Menyadari pentingnya pendidikan yang aman, Kementerian Pendidikan dan Kebudayaan juga menyediakan metode pelaporan yang mudah diakses melalui kemdikbud.lapor.go.id. Saluran ini memungkinkan siswa, orang tua, dan masyarakat untuk melaporkan insiden kekerasan di sekolah. Kemendikbud juga meluncurkan portal PPKSP yang menyediakan beragam konten edukasi seperti video dan poster anti kekerasan yang dapat digunakan dalam pembelajaran di kelas.

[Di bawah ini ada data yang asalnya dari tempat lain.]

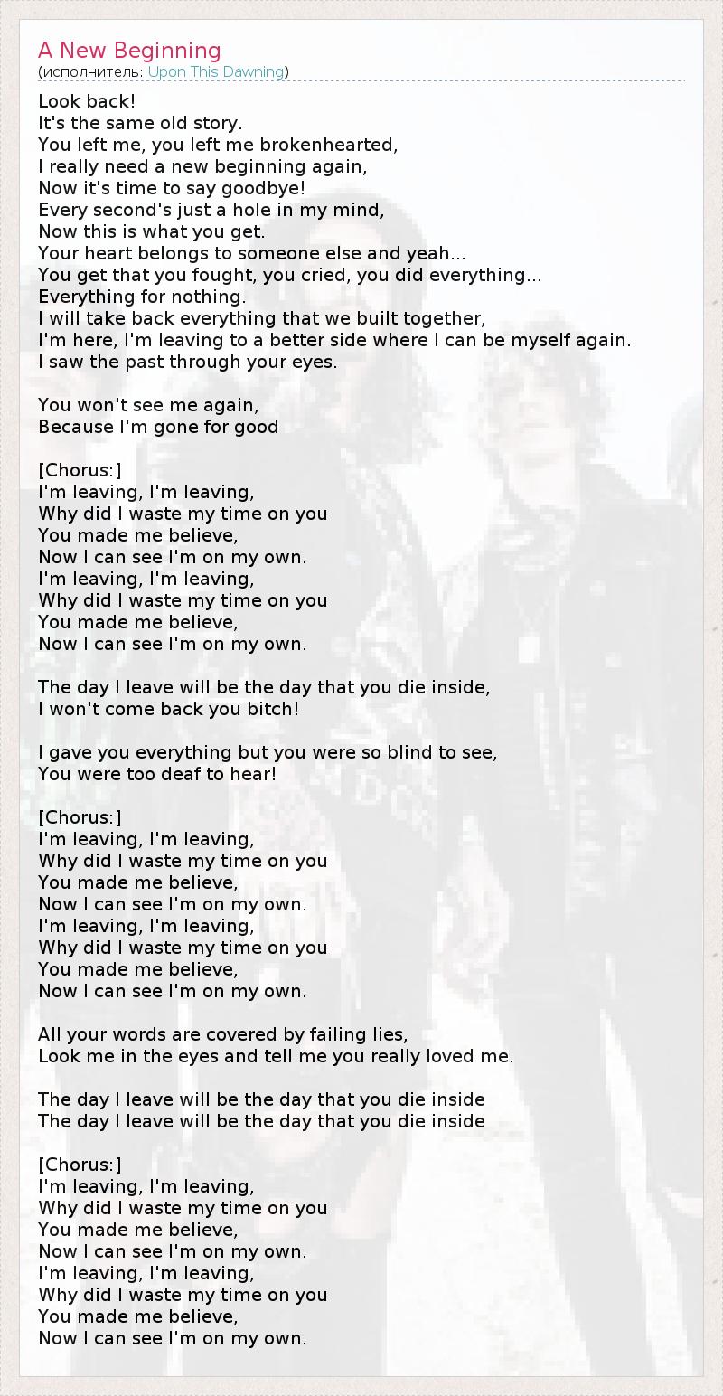 А как ты думаешь, о чем песня "A New Beginning" ?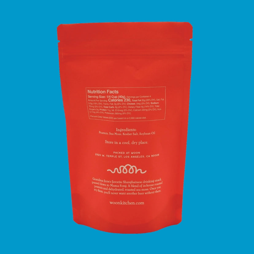 Grandma June's favorite Shanghainese drinking snack, passed down to Mama Fong. A blend of in-house roasted peanuts and dehydrated, roasted sea moss. Once you try them, you'll never want another beer without them.

Rusupreeta Putri Utami, Direktur Pusat Penguatan Diri (Kapuspeka), menekankan pentingnya bekerja sama untuk meningkatkan pencegahan dan pengendalian kekerasan di lingkungan satuan pendidikan (PPKSP). Ia mengatakan, program tersebut tidak akan berhasil tanpa dukungan seluruh pemangku kepentingan.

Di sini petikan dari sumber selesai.